Tribunal de commerce de Bobigny, le 8 octobre 2025, n°2025P02014

Le tribunal de commerce de Bobigny, statuant le 8 octobre 2025, ouvre une procédure de redressement judiciaire. La société, en cessation de paiements depuis le 1er juillet 2025, présente un actif disponible faible au regard de son passif exigible. Le ministère public a requis cette ouverture, assortie d’une période d’observation de six mois. Le tribunal accueille cette demande, estimant que des perspectives de redressement existent pour l’entreprise commerciale.

La caractérisation de l’état de cessation des paiements

La condition légale d’ouverture est établie par une appréciation comptable. Le juge constate l’impossibilité pour le débiteur de faire face à son passif exigible avec son actif disponible. Cette analyse purement financière est la pierre angulaire du prononcé. Elle fonde légalement l’ouverture de la procédure collective, sans nécessiter d’examen des causes de la défaillance.

La portée de cette qualification est immédiate et entraîne des conséquences procédurales strictes. La date de cessation des paiements est fixée provisoirement, déterminant la période suspecte. Cette constatation objective écarte toute appréciation discrétionnaire sur la gestion ou la responsabilité des dirigeants à ce stade.

L’existence de perspectives de redressement justifiant la procédure

Le prononcé du redressement judiciaire est subordonné à l’existence de perspectives de redressement. Le tribunal relève cet élément sans détailler les motifs de son optimisme. Il se fonde sur la déclaration du dirigeant, qui maintient sa demande pour restructurer la société. Cette appréciation sommaire suffit à justifier le choix du redressement plutôt que de la liquidation.

La valeur de cette appréciation réside dans son caractère prospectif et nécessairement incertain. Elle contraste avec des situations où la cessation d’activité est avérée. « Tous les contrats clients ont été résiliés du fait en raison de la cessation d’activité » (Cour d’appel de Versailles, le 2 septembre 2025, n°25/00682). Ici, la poursuite de l’activité et l’engagement du dirigeant fondent la décision.

Les mesures d’organisation de la période d’observation

Le tribunal organise immédiatement le déroulement de la procédure. Il ouvre une période d’observation de six mois et nomme les organes de la procédure. Le juge commissaire, le mandataire judiciaire et un administrateur judiciaire sont désignés. Cette mise en place rapide vise à préserver les actifs et à préparer un plan de redressement.

Le sens de ces nominations est d’encadrer la gestion de l’entreprise durant l’observation. L’administrateur est chargé d’assister le débiteur pour tous actes de gestion. Cette mission de surveillance et de conseil est cruciale pour assurer la transparence et préparer l’avenir. Elle permet de concilier la continuité de l’exploitation avec la protection des intérêts des créanciers.
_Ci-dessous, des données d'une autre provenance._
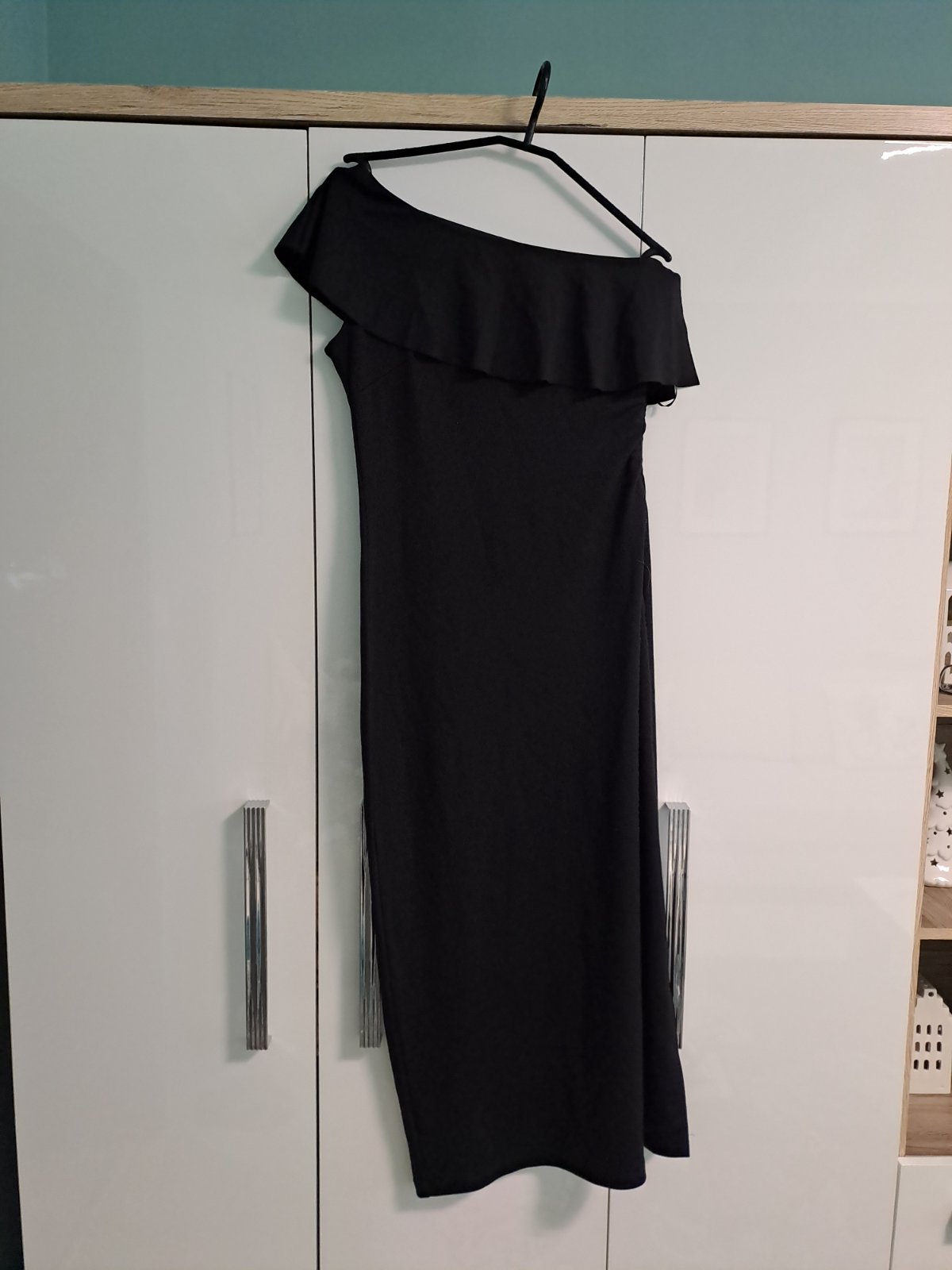 Čierne šaty s volánom a s rozparkom. Bez poškodení.

Les suites procédurales et les droits des parties

La décision programme les étapes futures de la procédure. Elle renvoie l’affaire à une audience pour statuer sur le plan de redressement. Les créanciers reçoivent un délai pour déclarer leurs créances, et les salariés sont invités à désigner un représentant. Cette organisation cadre strictement le processus collectif à venir.
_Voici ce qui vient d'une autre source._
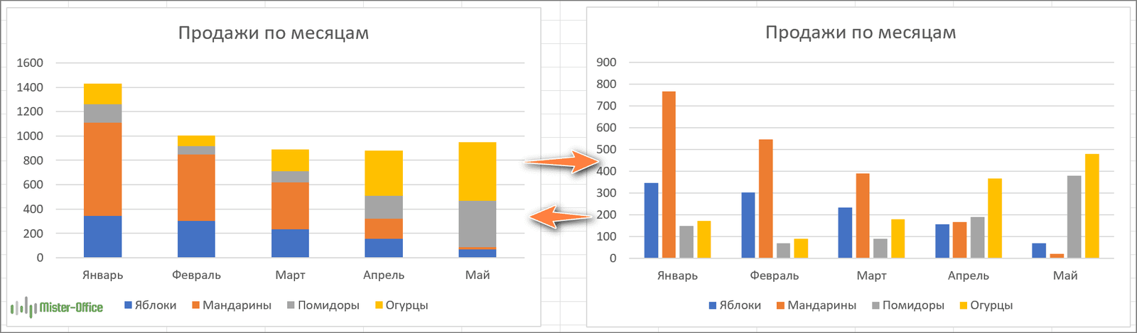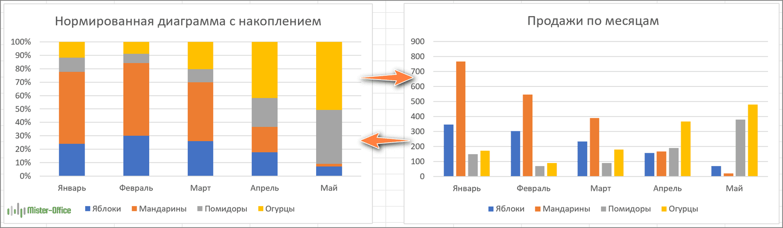 Этот тип гистограмм аналогичен предыдущему типу, но он отображает долю каждого значения внутри каждой категории данных. На рисунке ниже вы можете узнать, как изменяется доля каждого продукта в общей сумме продаж по месяцам. При этом общей суммы продаж мы здесь не видим.

La portée de ces mesures est de garantir l’information et la participation de toutes les parties. La levée de la confidentialité de la conciliation assure la transparence vis-à-vis des créanciers. Cette publicité est essentielle au bon déroulement de la procédure collective et à la recherche d’une solution viable pour l’entreprise.

Source : Cour de cassation – Base Open Data « Judilibre » & « Légifrance ».